Odd that you mentioned fractals. I was thinking the same about the
spirals (I think because I watched the show about fractals in nature on
one of the science channels a day or two before viewing the detail in
the sparks). On my old pc, I had a fractal software where I could
manipulate the equation to create various fractals using the main
Mandelbrot set (boundary) and of course other sets. Really fun to watch
how the mathematical alterations altered the fractal. Obviously,
fractals are observed in nature (which is governed by physics), so no
reason why electrical behavior would be any different (the same physics
The spirals could just be wave points (and probably are considering the
properties of a conductive streamer). It could be the IGBT pulse during
the image capture (but, I don't think so as bps couldn't have been that
high). It's actually a relatively quick capture of sparks.
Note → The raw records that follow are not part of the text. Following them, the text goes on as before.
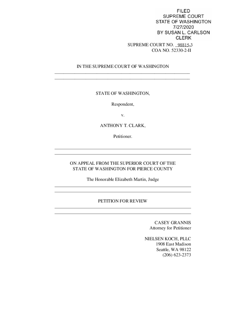 SUPREME COURT NO. ___ 988153 COA NO. 523302IIIN THE SUPREME COURT OF WASHINGTON ___ ___STATE OF WASHINGTON, Respondent, v. ANTHONY T. CLARK, Petitioner. ___ ___ ON APPEAL FROM THE SUPERIOR COURT OF
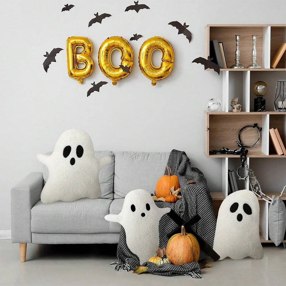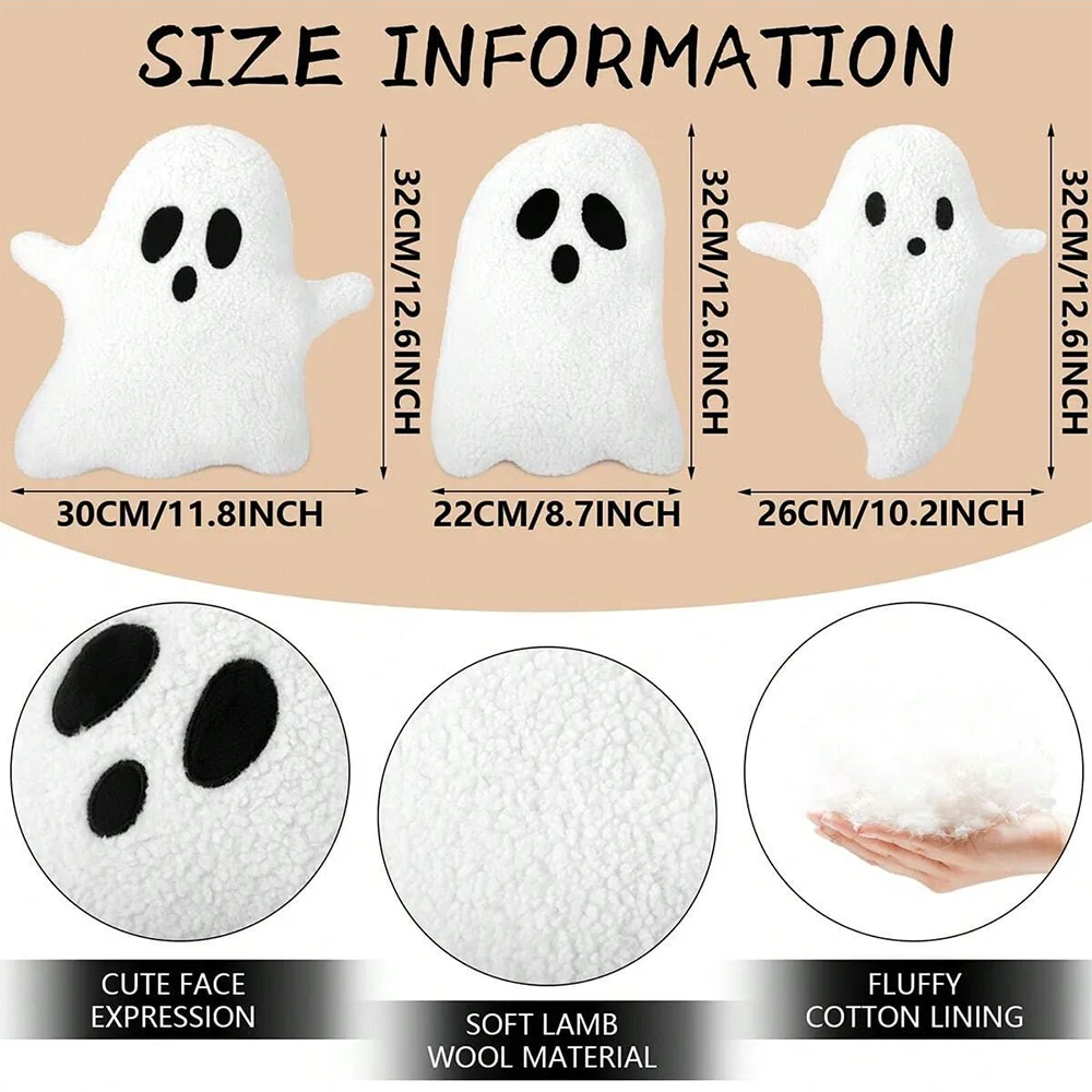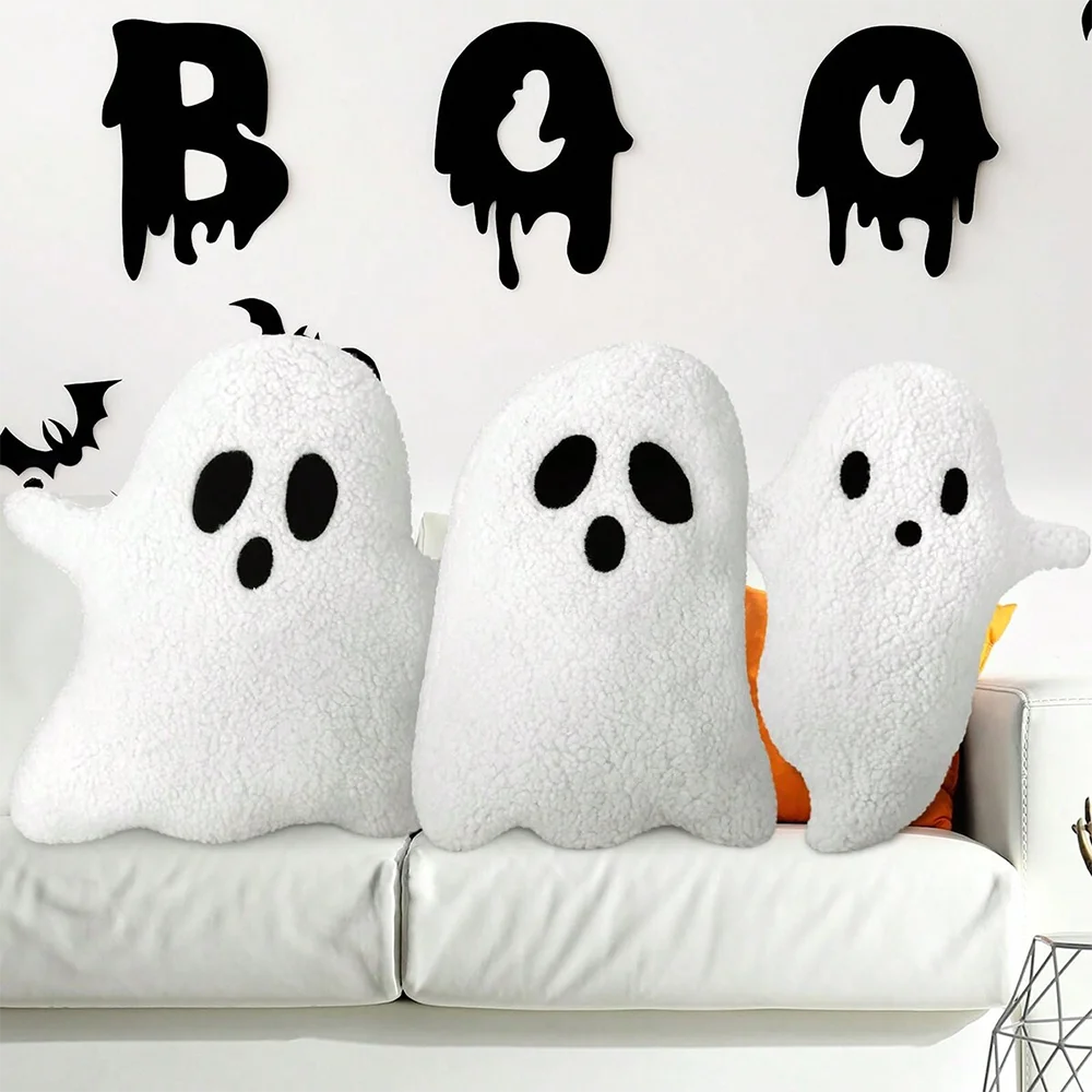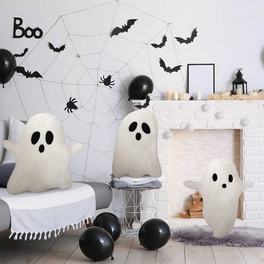 Plush Ghost Throw Pillow Halloween Decor Soft and Cuddly Ghost Shaped Cushion Ideal for Living Room Bedroom or Sofa Decoration
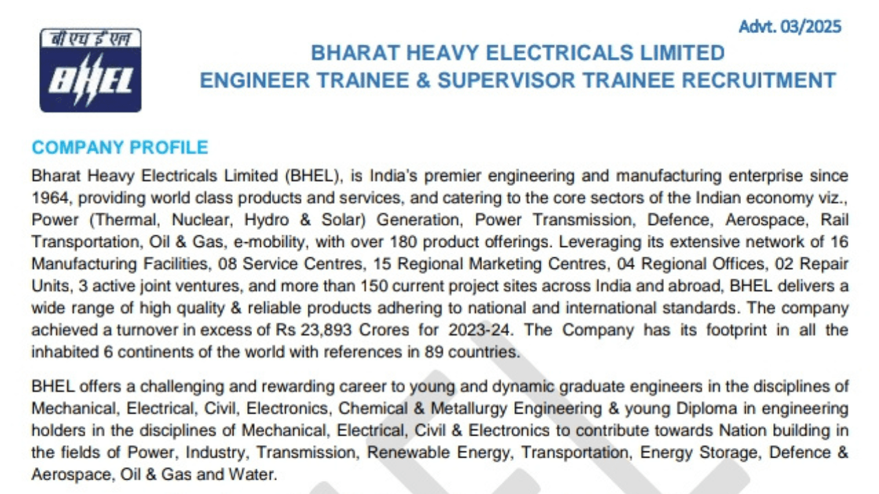 BHEL Recruitment 2025:BHEL में 400 पदों पर भर्ती का नोटिफिकेशन जारी
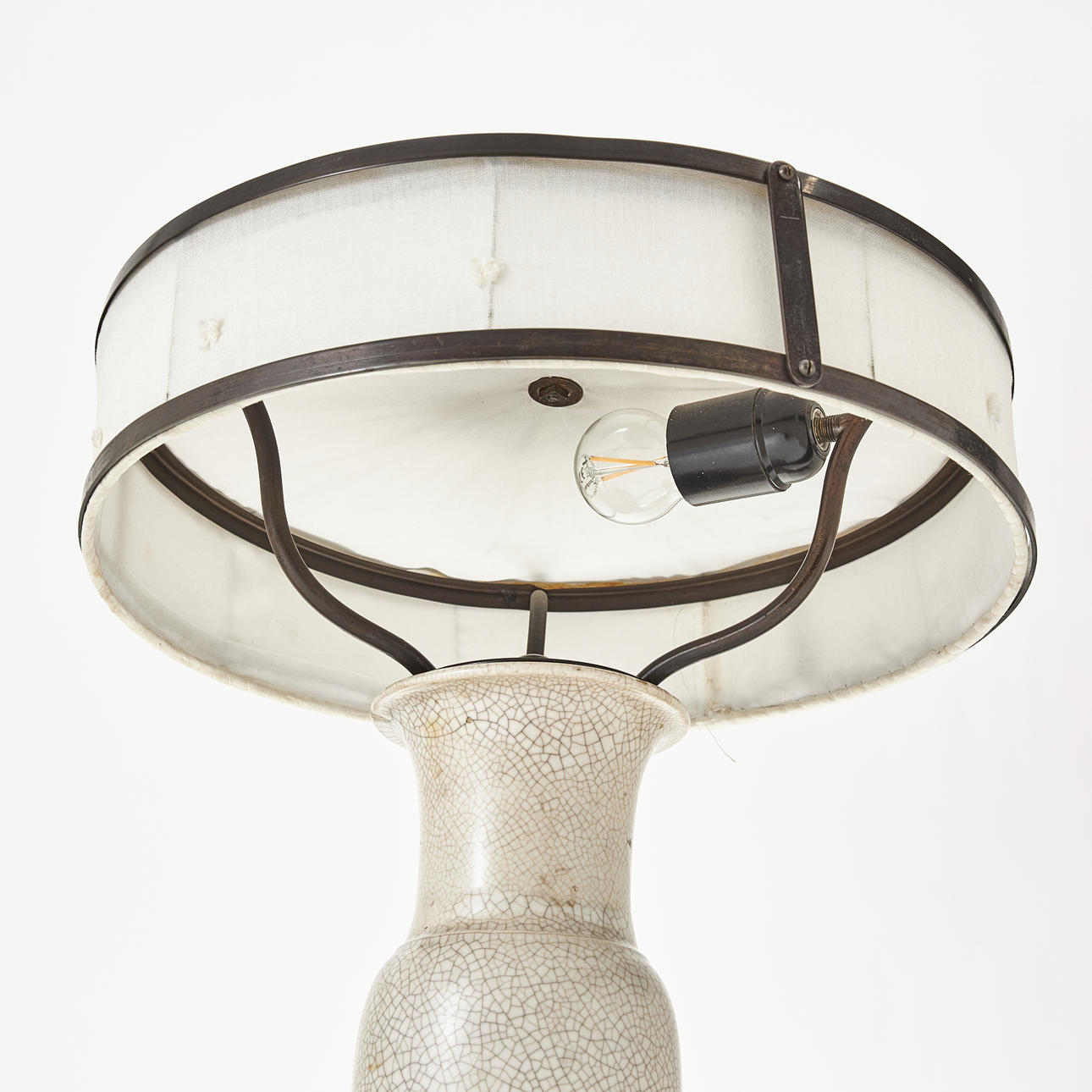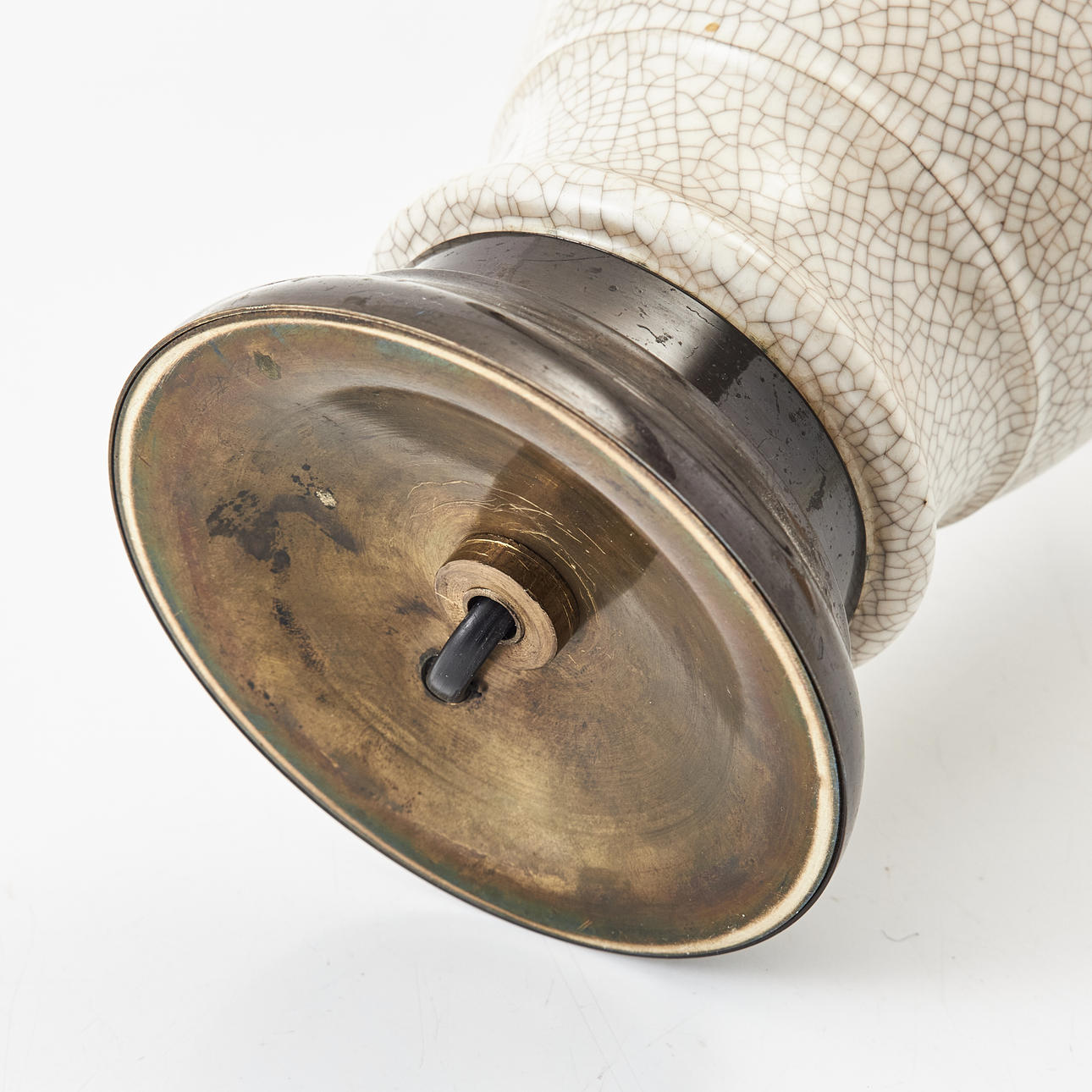 4951612. TABLE LAMP, ceramic with metal base, cracked glaze.

The sparks
shown in that photo is what I actually saw with my eyes during that
particular strike event. Not a lot of shutter delay or anything like
that. I had simply turned up the juice and found another sweet spot (so
to speak) in the bps rate. An odd thing occurred shortly after. The
sparks stopped (out of nowhere). I immediately turned down the juice and
sparks ignited again. Seems there is a point where the bps just gets too
fast and everything stops. I tried this a few times and the same thing
occurred. Possibly a phenomenon of running a low Cp value with the SISG?
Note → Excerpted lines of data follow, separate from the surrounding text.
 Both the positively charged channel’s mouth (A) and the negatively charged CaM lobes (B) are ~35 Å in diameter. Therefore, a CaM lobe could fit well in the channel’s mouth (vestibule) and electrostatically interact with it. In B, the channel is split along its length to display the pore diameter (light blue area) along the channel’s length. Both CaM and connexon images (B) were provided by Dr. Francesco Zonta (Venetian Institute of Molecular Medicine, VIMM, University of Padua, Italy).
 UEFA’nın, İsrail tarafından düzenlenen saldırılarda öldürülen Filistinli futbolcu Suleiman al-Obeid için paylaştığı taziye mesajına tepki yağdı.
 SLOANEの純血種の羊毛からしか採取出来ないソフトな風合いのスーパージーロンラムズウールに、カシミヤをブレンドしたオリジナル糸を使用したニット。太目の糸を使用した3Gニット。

I think for longer sparks, I've got to up the capacitance. One really
cool observation is that those low cost IGBT's are doing just fine. I
haven't had a board component die. Maybe the board quirks that others
have had is due to high Cp and associated high energy through the gates.
As far as I can tell so far, low Cp IGBT coils do just fine (when I say
"low", I mean lower than the normally huge Cp used).
DC Cox wrote:
Perhaps energy vortices, similar to vortices in a fast running stream.
Mathematical equivalent using fractals.